As recent research by The Guardian has shown, levels of anxiety, depression and PTSD are running at epidemic rates among aid workers who colloquially refer to crises of mental health as “burnout.” As the new Director of the CBR Project, Emmett will lead a new phase of growth, bringing to greater scale the existing successes of the CBR training program that helps aid workers to recognize signs and to combat burnout by learning tools including meditation and yoga.
Emmett began his career as a management consultant with Deloitte and has subsequently worked in the field of humanitarian response and development for over ten years.

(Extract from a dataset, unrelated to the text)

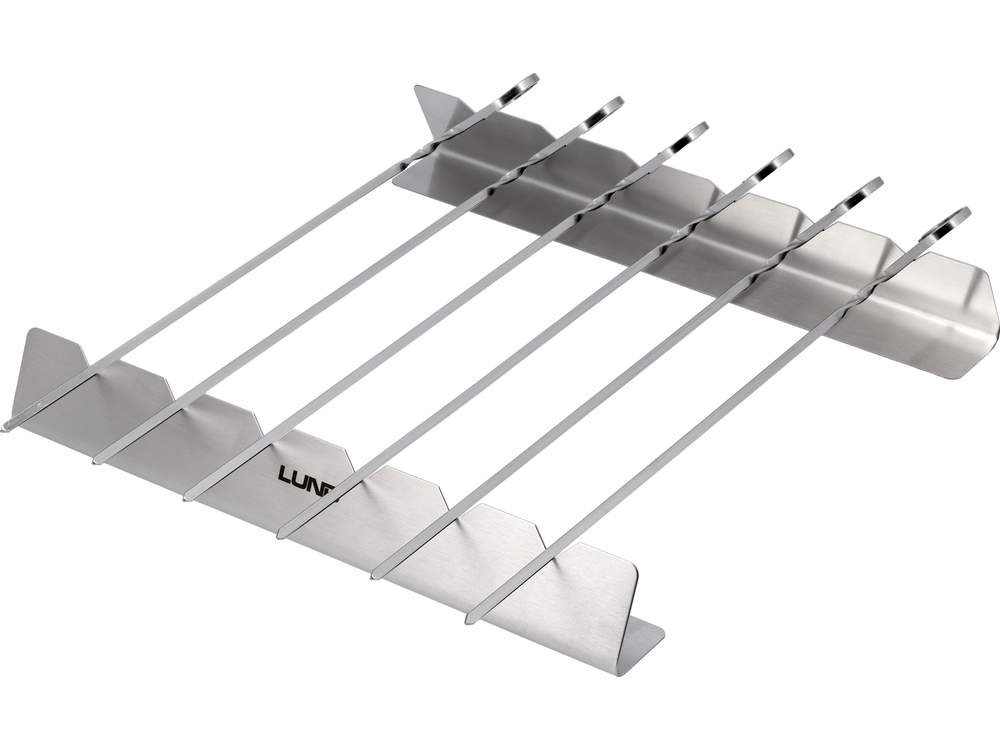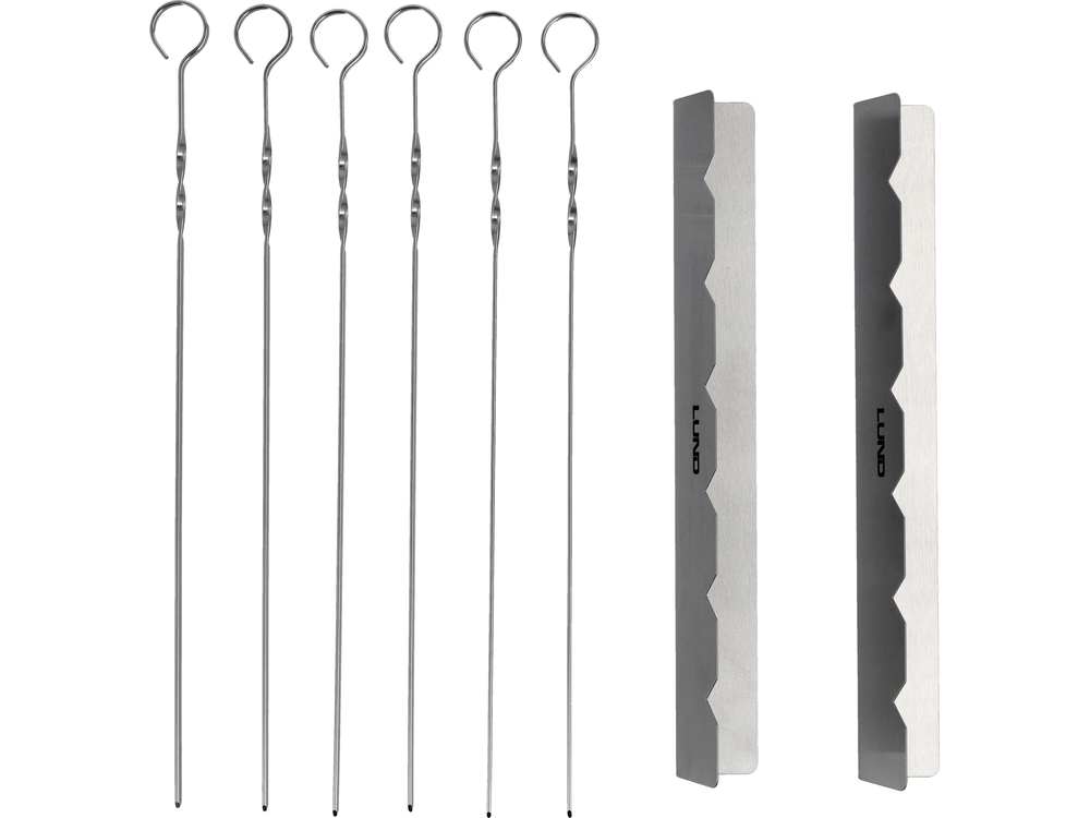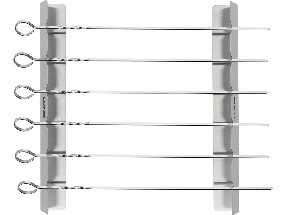 6 stalowych szpikulców do nabijania składników na szaszłyki ze stabilną podstawą do wygodnego odkładania i obracania żywności.

He began his international response work by spending eighteen months in DR Congo leading emergency health programs in seventy health centers and hospitals, and most recently was deployed to Nepal after the 2015 earthquakes.
From 2010 until early 2014, he was involved with the earthquake response in Haiti, first as the manager of a camp of 25,000 displaced people, then as a UN policy advisor to the Government of Haiti, and subsequently as an independent consultant to the World Bank.
In 2011, as part of a team of six people from across the UN working directly with the Government of Haiti, he directly managed the design, fundraising and implementation of a $70 million dollar program which has thus far rehoused more than 35,000 people. In parallel, he led a working group of cooperating agencies that together refined a program methodology and advocated for policies which have thus far helped to rehouse 120,000 people left homeless by the earthquake.
Emmett has also worked for the Gates Foundation in an advocacy role, and for the Nike Foundation, which addresses the needs of adolescent girls living in poverty, where he was part of the co-Investment team fundraising and creating programmatic partnerships with private and public sector organizations.
Emmett has an undergraduate degree in Theology from Oxford University and received a Fulbright scholarship to attend Columbia University where he earned a master’s degree in international affairs. For fun, he spent a year writing a book, which involved living three months each in Ireland, London, France and San Francisco.